#ste||ar on 2018-01-24 — irc logs at irclog.cct.lsu.edu

2017-05-17 13:54 aserio changed the topic of #ste||ar to: STE||AR: Systems Technology, Emergent Parallelism, and Algorithm Research | stellar.cct.lsu.edu | HPX: A cure for performance impaired parallel applications | github.com/STEllAR-GROUP/hpx | Buildbot: http://rostam.cct.lsu.edu/ | Log: http://irclog.cct.lsu.edu/

00:11 EverYoun_ has quit [Remote host closed the connection]

00:16 EverYoun_ has joined #ste||ar

00:34 EverYoun_ has quit [Remote host closed the connection]

01:32 vamatya has quit [Ping timeout: 246 seconds]

02:15 daissgr has joined #ste||ar

02:37 K-ballo has quit [Quit: K-ballo]

02:37 hkaiser has quit [Quit: bye]

03:04 EverYoung has joined #ste||ar

03:09 EverYoung has quit [Ping timeout: 276 seconds]

03:47 EverYoung has joined #ste||ar

03:50 EverYoung has quit [Remote host closed the connection]

03:58 vamatya has joined #ste||ar

04:16 hkaiser has joined #ste||ar

04:16 hkaiser has quit [Client Quit]

05:00 nanashi55 has quit [Ping timeout: 248 seconds]

05:03 nanashi55 has joined #ste||ar

05:07 daissgr has quit [Ping timeout: 276 seconds]

05:51 EverYoung has joined #ste||ar

06:23 vamatya has quit [Ping timeout: 264 seconds]

06:42 parsa has joined #ste||ar

06:58 parsa has quit [Quit: Zzzzzzzzzzzz]

07:34 jaafar has quit [Ping timeout: 246 seconds]

08:17 <github> [hpx] sithhell pushed 1 new commit to master: https://git.io/vNo21

08:17 <github> hpx/master a220e5b Thomas Heller: Merge pull request #3122 from STEllAR-GROUP/fixing_3121...

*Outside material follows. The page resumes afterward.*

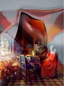 Veins of Porcelain: Beneath the Glaze of Intention reimagines Johannes Vermeer’s The Wine Glass as a meditation on emotional ambiguity and the slow, viscous movement of consent, ritual, and unspoken social performance. The original’s quiet tension—a woman sipping wine under the gaze of a man—becomes here an allegory for time itself folding into emotional viscosity. Through a surreal layering of textures and distorted forms, the wine glass no longer sits merely on the table—it spills across the atmosphere, stretching itself into abstract ribbons of red, amber, and longing.
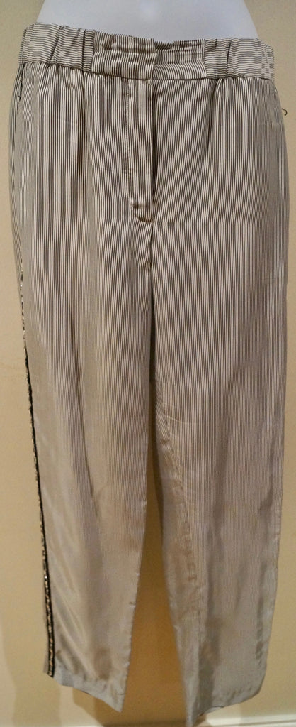MAJE Blue White Stripe Diamante Detail Elasticated Waist Casual Trousers Pants M

08:18 <github> [hpx] sithhell deleted fixing_3121 at 4c7c746: https://git.io/vNo2S

08:23 david_pfander has joined #ste||ar

08:26 <zao> https://github.com/easybuilders/easybuild-easyconfigs/issues/5716

08:26 <zao> This is nifty... seems like a flag we've built our OpenMPI with for a long while has some rather massive perf shenanigans.

08:56 Guest2733 is now known as Vir

09:13 <heller_> lol

10:59 <heller_> jbjnr_: yt?

11:00 <jbjnr_> here

11:00 <jbjnr_> no

11:00 <heller_> jbjnr_: I want to add a pycicle tester, how do I verify that my setup works? As in how would I start a test run of a build?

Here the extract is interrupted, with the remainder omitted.